The second reason concerns the transformation of education system. Nowadays, schools do not solely rely on government funding; instead, students’ fees are thought of as a major source of income. Universities are more competitive because students as customers choose prestigious schools which are highly evaluated on the aspect of academic discourse, including the publication of dissertations and lectures in conferences.

The last reason, and also the most important factor affecting the development of academic discourse is the spread of English. English becomes a lingua franca for oral and written communication. Even academic journals, as a representative type of academic discourse, are most in English. Moreover, “the global status of English has come to influence both the lives of scholars throughout the globe and the production and exchange of academic knowledge in the twenty-first century.” As a result, the learning of academic discourse is especially meaningful for second language learners.

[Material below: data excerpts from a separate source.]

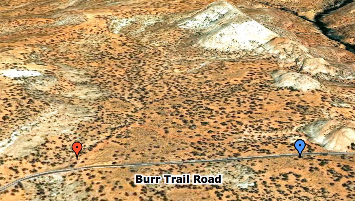We had been to the multi-day UFO conference in Phoenix, and we were taking the scenic route to my home in Idaho. We had been driving and hiking throughout the day, and we set out our sleeping bags just a little bit after sunset. Instead of getting a hotel room, we chose to camp just off the (very beautiful) Burr Trail Road, about 8 miles east of the little town of Boulder Utah. The map of Utah (below) shows our location with a blue marker.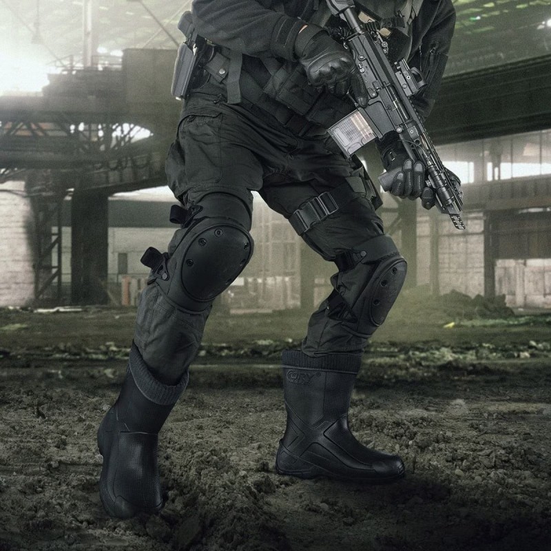 Cizmele sunt prevazute cu brant din fetru antiderapant, care se adapteaza stilului de mers si mentine temperatura potrivita in interior, oferind un confort exceptional in timpul utilizarii. Peretii grosi ai incaltamintei folosite au un impact decisiv asupra proprietatilor de protectie. O banda speciala a fost plasata pe calcai pentru a absorbi vibratiile.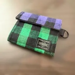 オリーブ色のナイロン製三つ折り財布、PORTERのロゴ付き。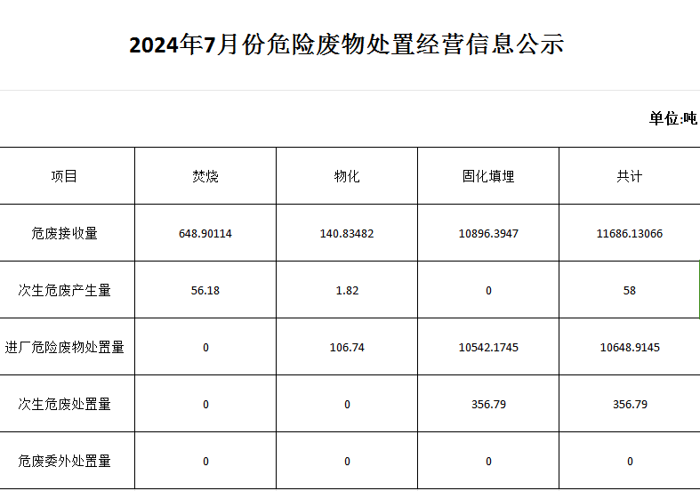 7月危險(xiǎn)廢物處置經(jīng)營(yíng)信息公示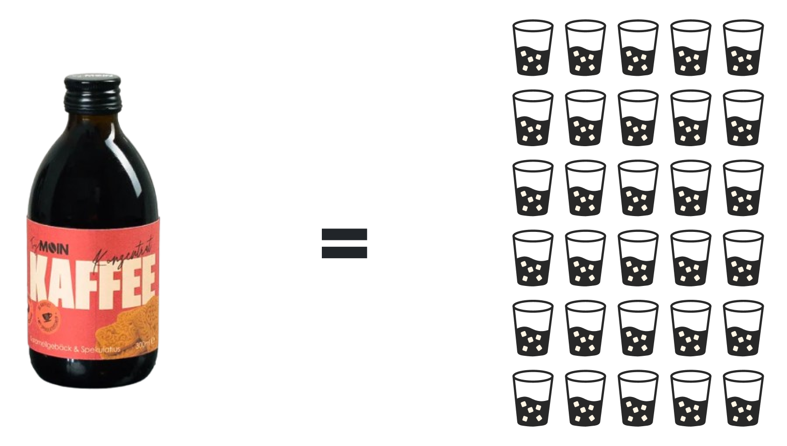 Moin ist 30x so stark wie ein herkömmlicher FiIterkaffee und etwa 6x so stark wie ein Espresso. So reicht eine kleine Flasche für 30 Kaffees!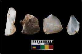 | Description / विवरण | There are n 4 ; worked utilized flakes; there are multidirectional irregular scar pattern on both dorsal and ventral face of the flakes. All are having sharp edges. |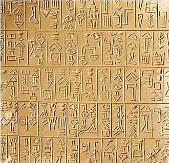 Inscrição cuneiforme suméria em estilo arcaico monumental, cerca do século XXVI a.C., Mesopotâmia.

Novice learners first enter into legitimate peripheral participation and then move to the center of the academic community. That is, beginners first acquire the conventions of academic discourse peripherally and imitate discourse activities from experienced learners or experts. After a period of time, learners can also complete academic oral presentations and academic essays, and in the end, the publication of dissertations and participation in international conferences just as what former experts do in the academic community.

Students in the institution learn to display their thoughts through different types of academic discourse, such as classroom and conference presentations, assignments, and dissertations. In this way, they acquire social practice in the different academic fields, get to the heart of the academic enterprise, and finally become a member of a social group, which can be seen as a process of academic discourse socialization.